Professor Farthing said that although the museum "obviously has a very good reason to dismiss them... I doubt whether studying even high resolution photographs is the best way to establish whether a drawing is genuine or not."
"You need a long conversation with other experts and not go it alone," he said.
Welsh-Ovcharov insisted the drawings were "incontestably" Van Gogh's. I am certain these are his drawings, and that they show we have to revise the way we think Van Gogh worked."
She said she always knew "this sort of discovery was going to bring an awful lot of cynicism with it".
Although not a Van Gogh expert, and having only seen one reproduction, Professor Farthing said that "if it is a Van Gogh it has a very light touch, a much lighter touch than what I would normally associate with him.
"He puts a lot of pressure on the paper when he draws because he was a troubled man... Compared to Ingres for example, Van Gogh is a kind of mud wrestler."
But forgeries of sketchbooks were rare, he said.
"It is pretty unusual to go to all of the work of faking up a sketchbook. You may as well make up one drawing if you are in it for profit."

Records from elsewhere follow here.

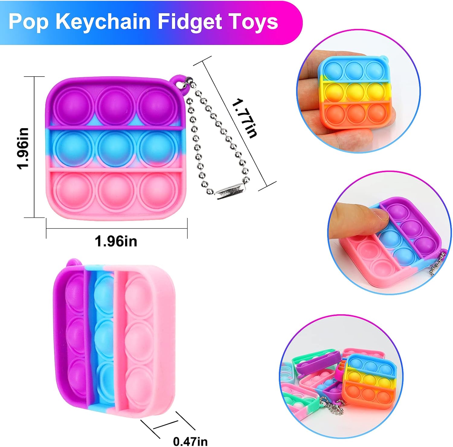 - 【Mini Pop Keychain It Fidget Toys】Sensory fidget toys size 1.96*1.96 in. Small size,great for hanging on keys or tying to bags,for those lack of attention with hyperactivity disorder,autistic children's toy.Also great for kids party favors, party favors for kids goodie bags, sensory toys, kids party favors goodie bags stuffers,birthday party favors for kids 8-12, fidgets for classroom, fidget party favors,toddler party favor,teen party favors for girls, christmas party favors for adults.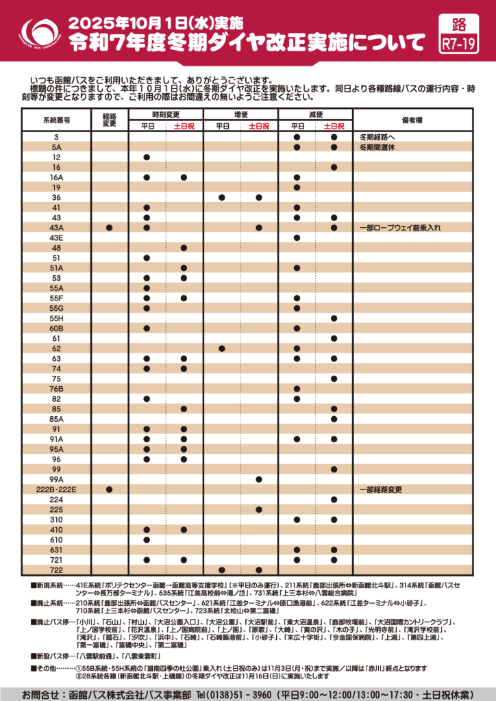 標題の件につきまして、函館バス株式会社では、2025年10月1日(水)にダイヤ改正を実施いたします。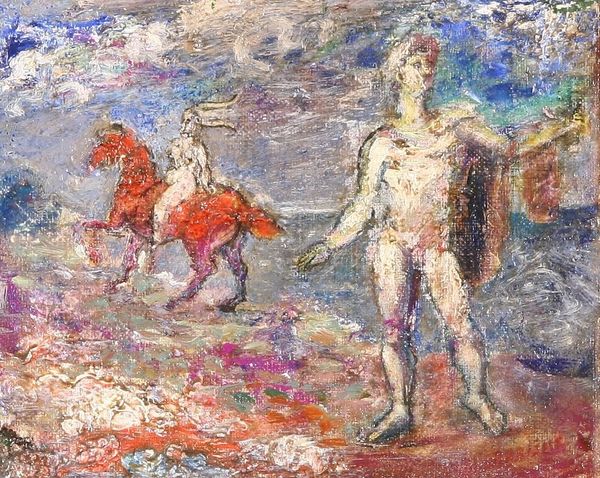 Odilon Redon painted ‘Centaurs’ with oils, at an unknown date. Isn't it fascinating how he creates such a dreamlike atmosphere, just by layering and blurring the colors? Look closely, and you'll notice how the brushstrokes almost dissolve into one another, the browns and blues are so thick, they seem to breath. There's a real tension between the clarity of form, we can clearly see centaurs, and the almost abstract way the paint is applied. Do you see how he uses these little dabs of contrasting colors, like pinks and yellows, to make the whole thing vibrate? It's as if he's not just painting what he sees, but also what he feels. Redon reminds me of late Turner, especially in his use of color to evoke mood and emotion. Both artists invite us to wander into a world of imagination, where nothing is quite as it seems.
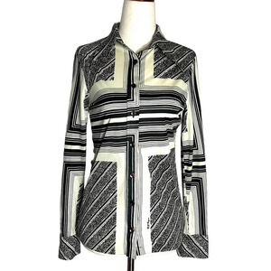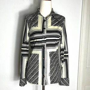 Amazing signed graphic print blouse with pointed collar, stretchy lightweight polyester.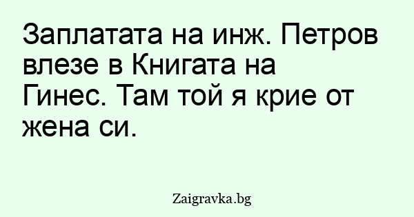Заплатата на инж. Петров влезе в Книгата на Гинес. Там той я крие от жена си.
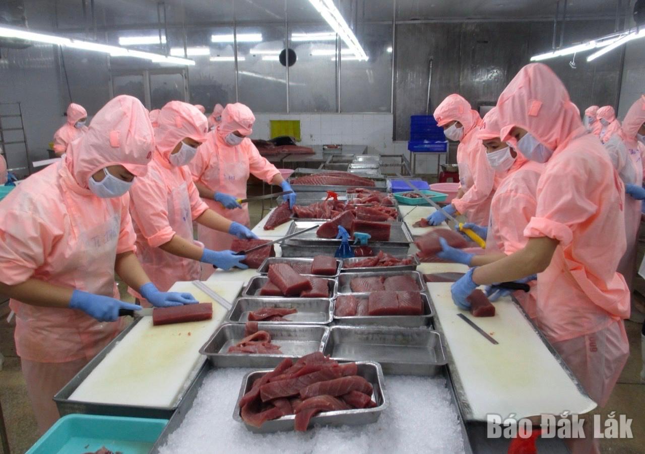 | Công nhân chế biến cá ngừ đại dương tại Công ty Cổ phần Bá Hải. |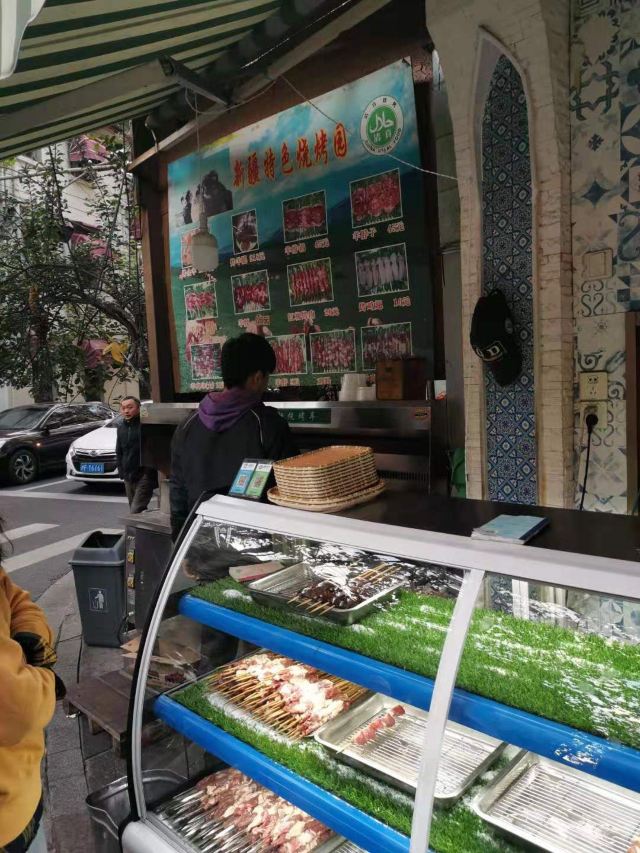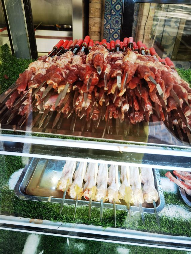某一天,刷到这家店,看菜单就觉得正宗,当下决定来吃饭! 🌿华丽的吊灯、厚实面料的桌布,还有每个角落都有的假花💐引起了我的好奇心,baidu说,桌布假花都是新疆妈妈爱的室内装饰,太可爱了罢! 👤店里客群,大概3成蓝眼睛,还有许多新疆同胞,充满异国感 🍖红柳烤肉---20元/串 铁串烤肉10元,红柳更大些,有点小辣,真的好吃,就是这个就是这个!每人一串必须啊!(当然你可以点更多😂) 🥠烤包子---5元 菜单上没有事外面在烤的,可以点进来吃,打包回去也不错,真的香! 🐔大盘鸡---78元(小) 该什么味儿就什么味儿,大盘鸡里的土豆也非常糯,但我觉得大家反而可以试试其他菜 🥗毛芹炒肉---65元 🥙馕炒肉---68元 好多菜看着都好相似,毛芹炒肉还不错,有点酸酸辣辣的不是平时吃的那种味道, 🍎拔丝苹果---40元 不夸张地说,是我吃过最好吃的拔丝苹果👍🏻,外面的糖有坚果和椰丝的香味。会吃的都知道,这菜必须趁热分开哦! 🍺大乌苏啤酒可以喝喝,还有🥛酸奶和🥤新疆奶茶可以选择的,价格也都合理 🛎服务员都是新疆人,普通话沟通基本没问题,人都很热情,菜价适合,很适合好久没见的朋友或者同事聚餐,感觉很快乐☺️

While everyone loves the fun of the hunt for a forger, he said, it was not beyond the bounds of possibility that "someone could have made the book innocently as a kind of homage" to Van Gogh.
That said, its supposed discovery in the ruins of "The Yellow House", where Van Gogh lived with Gauguin, after the Allies bombed Arles in 1944, "was almost too good to be true... It ties up questions about provenance rather too neatly," he said.